As said before, to ensure modularity and abstraction, the
representation of a
collection turns hidden. This means that any software component
dealing with a collection will only be able to manipulate it
through the operations (methods) its interface provides. This
point is especially important since it prevents other software
components from possibly breaking invariants required by the internals
of the collection.
1.6 |
Properties, Theorems and Proofs |
|
FoCaLize aims not only to write programs, it intends to encompass both
the executable model (i.e. program) and properties this model must
satisfy. For this reason, ``special'' methods deal with logic
instead of purely behavioural aspects of the system: theorems,
properties and proofs.
Stating a property expects that a proof that it
holds will finally be given. For theorems, the proof is
directly embedded in the theorem. Such proofs must be done by
the developer and will finally be sent to the formal proof assistant
Coq who will automatically check that the demonstration of the
property is consistent. Writing a proof can be done in several ways.
It can be written in ``FoCaLize's proof language'', a hierarchical proof
language that allows to give hints and directions for a proof. This
language will be sent to an external theorem prover,
Zenon [Zenon, zenon0.4.1] developed by D. Doligez. This prover is
a first order theorem prover based on the tableau method incorporating
implementation novelties such as sharing. Zenon will attempt, from
these hints to automatically generate the proof and exhibit a Coq
term suitable for verification by Coq. Basic hints given by the
developer to Zenon are: ``prove by definition of a method''
(i.e. looking inside its body) and ``prove by property''
(i.e. using the logical body of a theorem or property''.
Surrounding this hints mechanism, the language allows to build the
proof by stating assumptions (that must obviously be demonstrated
next) that can be used to prove lemmas or parts for the whole
property. We show below an example of such demonstration.
!order_inf(i, x) -> !order_inf(i, y) ->
!order_inf(i, !inf(x, y))
proof:
<1>1 assume x in Self, assume y in Self,
assume i in Self, assume H1: !order_inf(i, x),
assume H2: !order_inf(i, y),
prove !order_inf(i, !inf(x, y))
<2>1 prove !equal(i, !inf(!inf(i, x), y))
by hypothesis H1, H2
property inf_left_substitution_rule,
equal_symmetric, equal_transitive
definition of order_inf
<2>9 qed
by step <2>1
property inf_is_associative, equal_transitive
definition of order_inf
<1>2 conclude
;
The important point is that Zenon works for the
developer: it searches the proof itself, the developer does not
have to elaborate it formally ``from scratch''.
Like any automatic theorem prover, Zenon may fail finding a
demonstration. In this case, FoCaLize allows to write verbatim
Coq proofs. In this case, the proof is not anymore automated, but
this leaves the full power of expression of Coq to the developer.

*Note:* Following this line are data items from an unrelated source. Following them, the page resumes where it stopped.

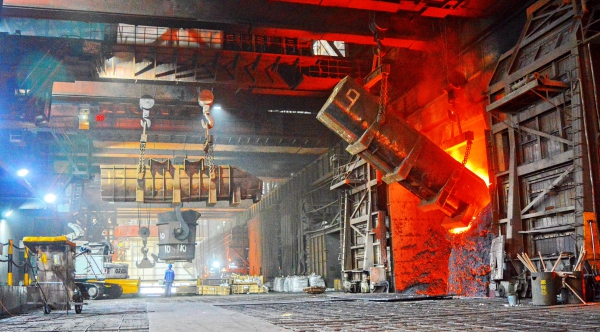 圖為元月7日下午馬鋼長材事業部煉鋼現場,行車工正操作行車將廢鋼配料兌入煉鋼爐。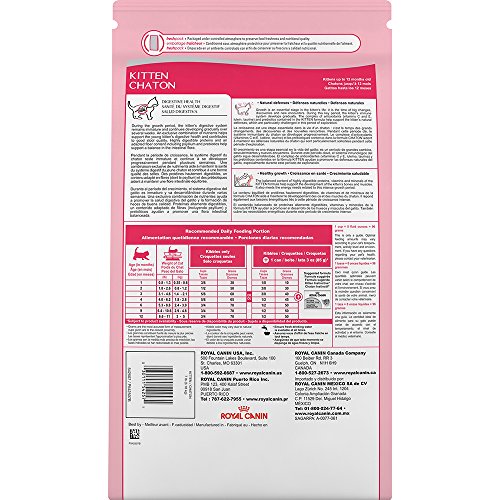 Royal Canin Kitten 36 contains an exclusive combination of nutrients helps support the young kitten's digestive health. Unique complex of antioxidants (vitamins C and E, lutein, taurine) and prebiotics help support the kitten's natural defenses. A balanced content of highly digestible proteins, vitamins and minerals help support the development of the kitten's bones and muscles. Dry cat food designed specifically for kittens up to 12 months old. Size: 7 pounds.Feature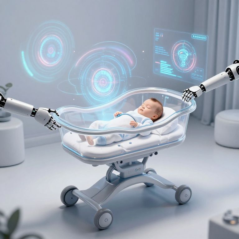 Snoo, futuristic baby sleep companion inside a softly lit nursery room, surrounded by calming holographic projections and gentle robotic arms rocking the bassinet, smooth white and silver surfaces, high contrast with delicate shadows, digital concept art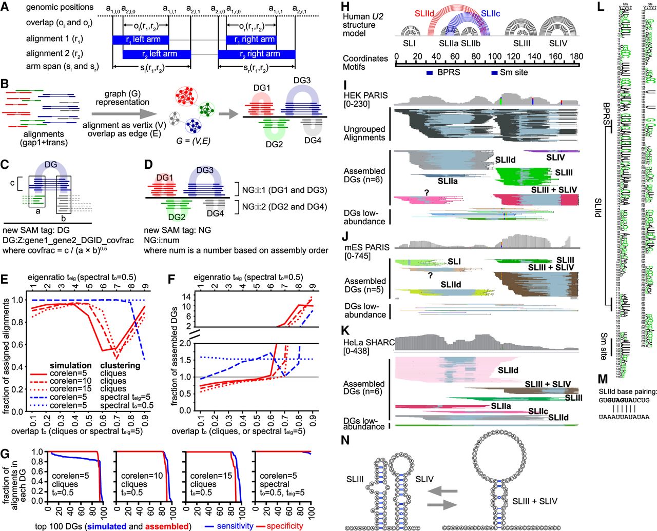 Network/graph-based method for automatic assembly of duplex groups underlying RNA structures and interactions (CRSSANT). (A) Overlap and span calculation for a pair of alignments. Two alignments r1 and r2 each comprising a left and right arm (solid blue bars), share left and right overlaps ol, or, respectively, and left and right spans sl, sr, respectively. The arm start and stop positions of read/alignment i are represented by the 4-tuple (ai,l,0, ai,l,1, ai,r,0, ai,r,1). The two arms can be on the same chromosome and strand (gap1.sam), or different ones (trans.sam). (B) Diagram for network/graph-based clustering. All alignments with a single gap (gap1 and trans) are represented as a graph where each alignment is a vertex and the relative overlap ratio between the arms is the edge. Highly connected vertices cluster together forming subgraphs, corresponding to individual DGs. (C) Diagram for the DG tag information. The string after DG:Z includes the names of the two genes that the DG connects (gene1 and gene2). gene1 and gene2 are identical when the DG describes intramolecular structures or homodimers. DGID is a number based on assembly order. covfrac (coverage fraction) is defined as the number of alignments in this DG divided by the geometric mean of the coverages at the two arms. (D) Diagram for NG assembly. Non-overlapping DGs (e.g., DG1 and DG3, DG2 and DG4) are combined into NGs for visualization in genome browers like IGV. (E,F) Benchmarking CRSSANT clustering on 100 simulated DGs. All alignments map to Chr 1: 1–1000 and consist of cores 5, 10, or 15 nt (corelen = 5, 10 or 15), and random extensions on each side between 5 and 15 nt. Gaps between the two cores are at least 50 nt and at most the length of the Chr 1: 1–1000. Each DG contains between 10 and 100 alignments. The alignments were clustered using cliques or spectral algorithms. For cliques, overlap threshold to was varied between 0.1 and 0.9. For spectral clustering, to was varied between 0.1 and 0.9 when the eigenratio threshold was set at teig = 5. Alternatively, for spectral clustering, teig was varied between 1 and 10 when to was set at 0.5. The fraction of assigned alignments (out of 5335 input) was plotted in panel E. The fraction of assembled DGs (against 100 input) was plotted in panel F. (G) For each simulated DG data set and clustering parameter combination, the sensitivity and specificity of DG assembly was calculated for each of the top 100 DGs. The sensitivity of DG assembly is defined as the fraction of remaining alignments in each DG after CRSSANT assembly. The specificity is defined as the fraction of alignments from the dominant simulated DG. (H) Human U2 snRNA structure model based on previous studies. (I,J) Human HEK and mouse ES PARIS data were clustered using CRSSANT. The DGs were labeled corresponding to the secondary structure models in panel H. Alignments are grouped in IGV using the NG tag. “?” is a new duplex not in the known structure model. (K) Human HeLa SHARC data were clustered using CRSSANT, and the DGs were labeled as above. (L) The duplex SLIId is conserved from human down to yeast based on multiple sequence alignment of 208 seed sequences (Rfam: RF00004, in WebLogo format). (M) SLIId model; top strand is the 5′ arm, and the bottom is the 3′. Black letters, GUAUGA, indicate the BPRS masked by SLIId. (N) The alternative SLIII + SLIV structure models.

Finally, the assumed keyword is the ultimate proof backdoor,
telling that the proof is not given but that the property must be
admitted. Obviously, a really safe development should not make usage of
such ``proofs'' since they bypass the formal verification of
software's model. However, such a functionality remains needed since
some of ``well-known'' properties can never be proved for a computer.

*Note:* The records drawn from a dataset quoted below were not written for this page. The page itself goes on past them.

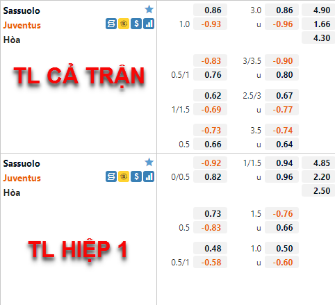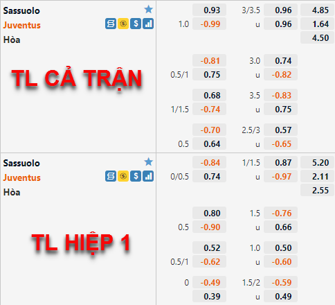 Tỷ lệ chấp của Juventus vẫn đang được nhà cái châu Á duy trì ở mức 1 hoà, điểm ăn của cửa trên đã được điều chỉnh giảm nhưng không quá nhiều. Bên phía tỷ lệ tài xỉu của trận đấu có những biến động rõ rệt hơn khi mốc 3 1/4 đã được đẩy lên là mốc chính của trận đấu thay cho mốc 3 hoà ở lần chúng tôi cập nhật trước đây.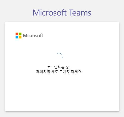 10) 로그인 및 Teams 설정이 진행됩니다. 작업 진행 중에 브라우저를 열어두어야 합니다.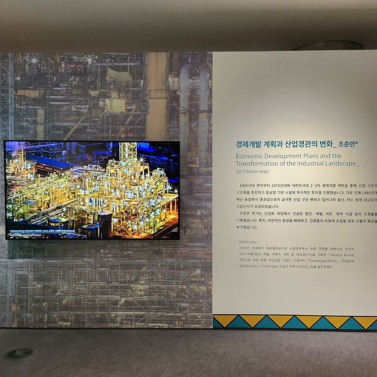 전시장에 놓인 <조춘만 중공업> 사진집 표지가 눈에 들어왔다. 하얀색 안전모와 작업복 차림의 남자가 서 있다. 사진 속 주인공은 조춘만 작가이다. 그는 ”기계는 생명을 갖고 있다. 촬영에 몰입하면 기계가 살아 움직이는 소리를 들으면서 대화를 한다는 느낌도 든다 “고 말한다. 산업미를 기록한 사진가인 동시에 실제로 산업현장의 일원이기도 했다.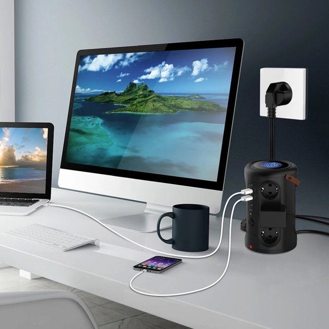 Questa multipresa verticale integra inoltre 4 porte USB per la ricarica e una USB-C. La parte superiore del dispositivo, di forma cilindrica, ospita una base per la ricarica wireless: è possibile adagiarvi gli smartphone compatibili e ricaricarne la batteria senza la necessità di collegare alcun cavo.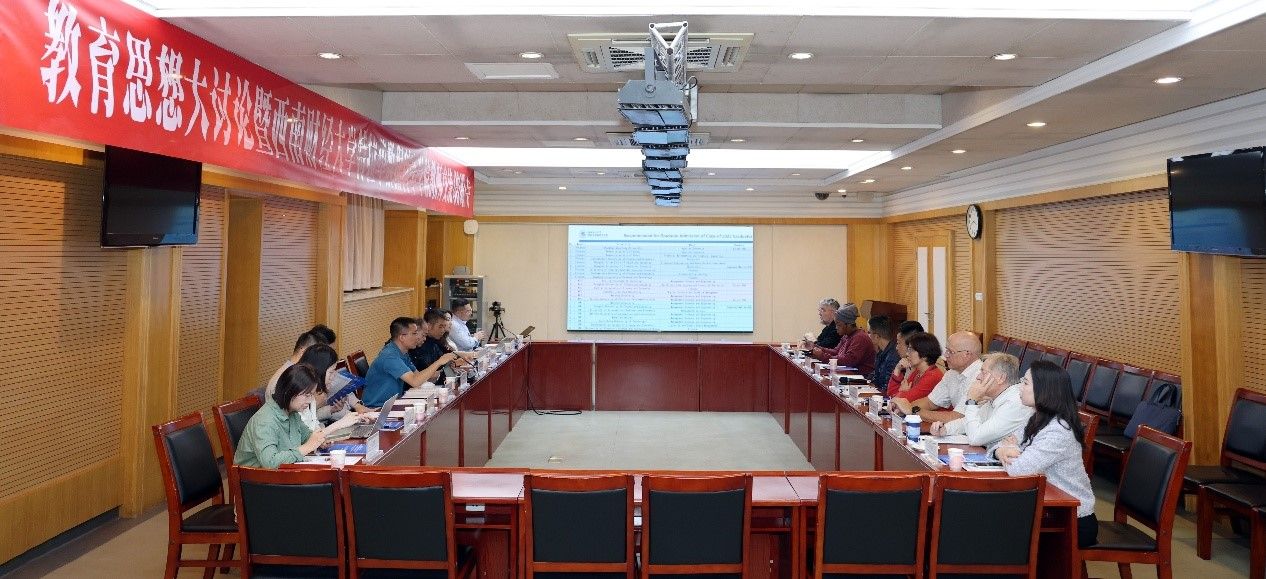 在腾骧楼101会议室举行教育思想大讨论暨教师交流(培训)会,中外双方任课教师齐聚一堂,围绕教师教学情况和学生学习情况展开深入交流。福利姬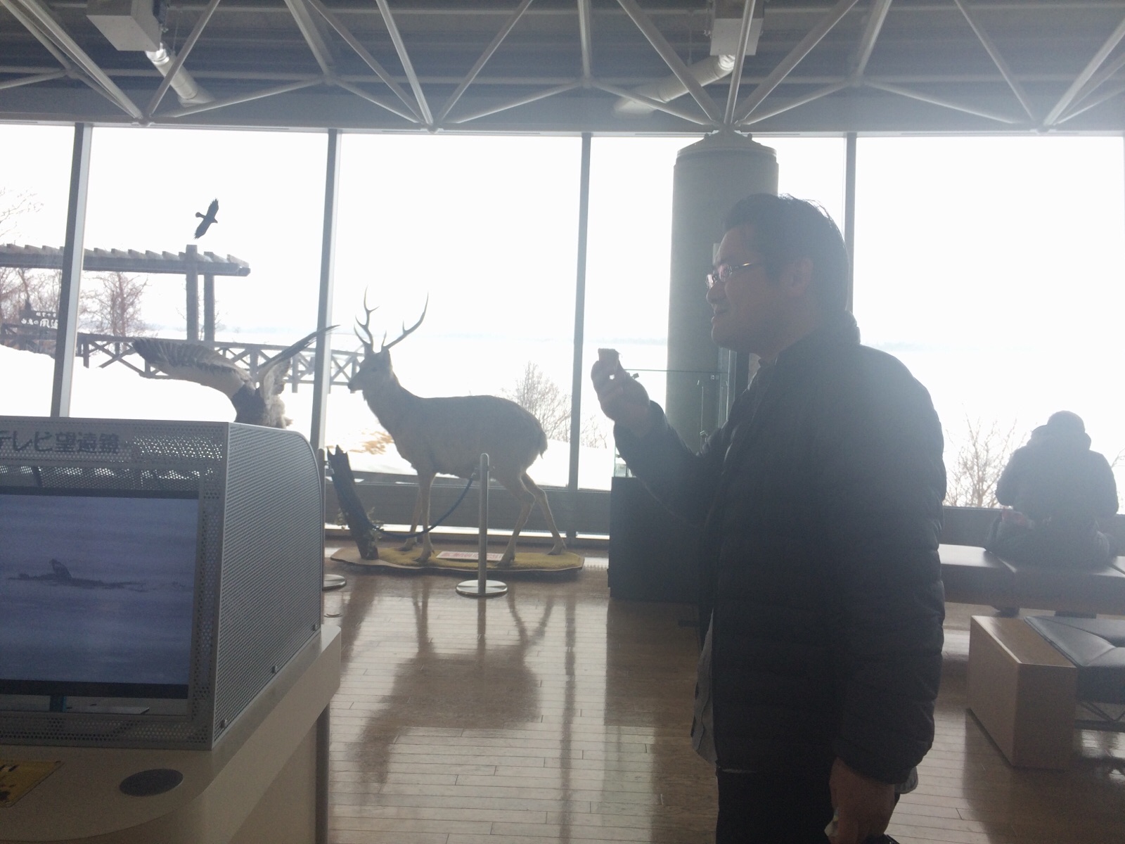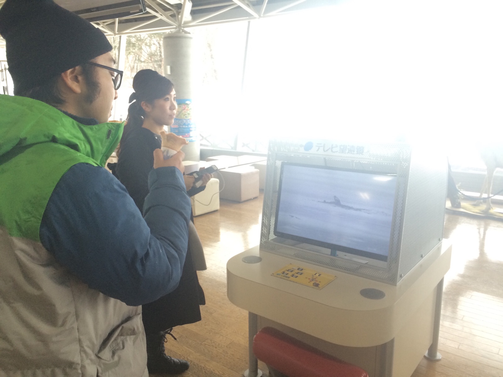 外の遠くにいるオオワシが望遠鏡から映されています!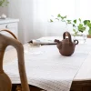 Ett enkelt sätt att skapa nya utryck till ditt dukade är att addera en löpare på ditt bord, det skapar inte bara en ombonad och centrerad stämning. Utan gör sig lika fint som det är praktiskt att duka med rakt över ett bord, för att markera ett kuvert för två personer. Ett alternativ till tablett men med mer känsla. Brun/Vit.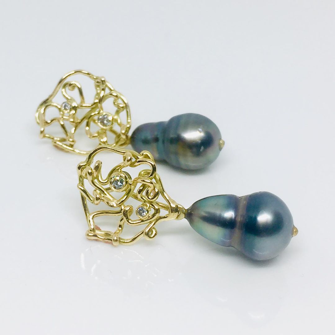 Twisted 18 carat gold earrings with diamonds and Tahiti-pearl. The earrings can also be worn without the pearls.

For instance, " x Î IN, x+1 >n does not hold in a
computer with native integers. However, in a mathematical
framework, this property holds and is needed to carry out other
proofs. Thus the developer may prove either that all manipulated values
remain in an interval where this property holds or may admit this
property or may add code to detect overflow ...

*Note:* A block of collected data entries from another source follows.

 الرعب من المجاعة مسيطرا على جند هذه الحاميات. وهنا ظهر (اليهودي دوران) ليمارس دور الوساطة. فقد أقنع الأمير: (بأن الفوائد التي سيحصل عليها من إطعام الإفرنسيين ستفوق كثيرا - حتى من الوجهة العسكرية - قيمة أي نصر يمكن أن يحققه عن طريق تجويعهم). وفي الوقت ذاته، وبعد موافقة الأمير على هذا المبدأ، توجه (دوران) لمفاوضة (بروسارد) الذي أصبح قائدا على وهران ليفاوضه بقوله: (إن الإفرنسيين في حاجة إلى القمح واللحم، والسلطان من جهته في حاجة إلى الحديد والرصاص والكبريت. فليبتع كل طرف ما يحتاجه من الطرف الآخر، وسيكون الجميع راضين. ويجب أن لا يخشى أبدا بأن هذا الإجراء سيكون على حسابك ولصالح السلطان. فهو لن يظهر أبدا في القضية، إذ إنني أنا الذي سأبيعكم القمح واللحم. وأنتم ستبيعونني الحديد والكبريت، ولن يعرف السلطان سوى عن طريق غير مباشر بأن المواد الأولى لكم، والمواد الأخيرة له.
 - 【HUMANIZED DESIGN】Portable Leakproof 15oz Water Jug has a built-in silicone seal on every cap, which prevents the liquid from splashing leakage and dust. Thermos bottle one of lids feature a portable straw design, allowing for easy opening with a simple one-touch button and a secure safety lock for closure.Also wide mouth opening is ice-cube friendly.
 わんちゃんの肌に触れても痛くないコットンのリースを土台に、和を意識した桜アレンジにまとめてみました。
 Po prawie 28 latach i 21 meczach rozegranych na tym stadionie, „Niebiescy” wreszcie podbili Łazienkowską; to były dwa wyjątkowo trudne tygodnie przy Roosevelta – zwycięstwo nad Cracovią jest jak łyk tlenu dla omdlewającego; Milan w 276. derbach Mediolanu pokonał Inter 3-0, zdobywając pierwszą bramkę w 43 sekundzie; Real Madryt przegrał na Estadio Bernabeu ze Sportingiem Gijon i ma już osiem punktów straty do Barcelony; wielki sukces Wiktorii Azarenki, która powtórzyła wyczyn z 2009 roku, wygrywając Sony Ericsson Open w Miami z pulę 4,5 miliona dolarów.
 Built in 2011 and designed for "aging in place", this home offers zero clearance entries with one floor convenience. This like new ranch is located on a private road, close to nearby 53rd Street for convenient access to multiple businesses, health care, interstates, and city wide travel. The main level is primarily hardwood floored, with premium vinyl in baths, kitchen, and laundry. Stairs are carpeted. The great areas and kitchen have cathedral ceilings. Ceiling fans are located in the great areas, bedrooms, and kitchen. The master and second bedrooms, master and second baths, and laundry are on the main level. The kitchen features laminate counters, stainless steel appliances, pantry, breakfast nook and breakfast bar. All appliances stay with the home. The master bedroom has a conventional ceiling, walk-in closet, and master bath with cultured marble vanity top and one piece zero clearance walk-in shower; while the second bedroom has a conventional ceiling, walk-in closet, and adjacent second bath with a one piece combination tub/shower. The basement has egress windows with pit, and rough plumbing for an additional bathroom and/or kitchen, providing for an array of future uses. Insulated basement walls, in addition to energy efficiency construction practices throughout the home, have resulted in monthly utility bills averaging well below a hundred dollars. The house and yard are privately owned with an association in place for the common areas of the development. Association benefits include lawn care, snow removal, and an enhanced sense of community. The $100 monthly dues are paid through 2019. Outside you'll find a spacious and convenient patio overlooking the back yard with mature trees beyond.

On another side, a development may be linked with external
code, trusted or not, but for which properties cannot be proved inside
the FoCaLize part since it does not belong to it. Expressing properties
of the FoCaLize part may need to express properties on the imported
code, that cannot be formally proved, then must be ``assumed''.
In the previous sections, we presented FoCaLize through its programming
model and shortly its syntax. We especially investigated the various
entities making a FoCaLize program. We now address what becomes a
FoCaLize program once compiled. We recall that FoCaLize supports the
redefinition of functions, which permits for example to specialise
code to a specific representation (for example, there
exists a generic implementation of integer addition modulo n but
it can be redefined in arithmetics modulo 2 if boolean values
are used to represent the two values). It is also a very convenient
tool to maintain software.
1.7.1 |
Consistency of the Software |
|
All along the development cycle of a FoCaLize program, the compiler
keeps trace of dependencies between species, their
methods, the proofs, ...to ensure that modifications
of one of them will be detected those depending of it.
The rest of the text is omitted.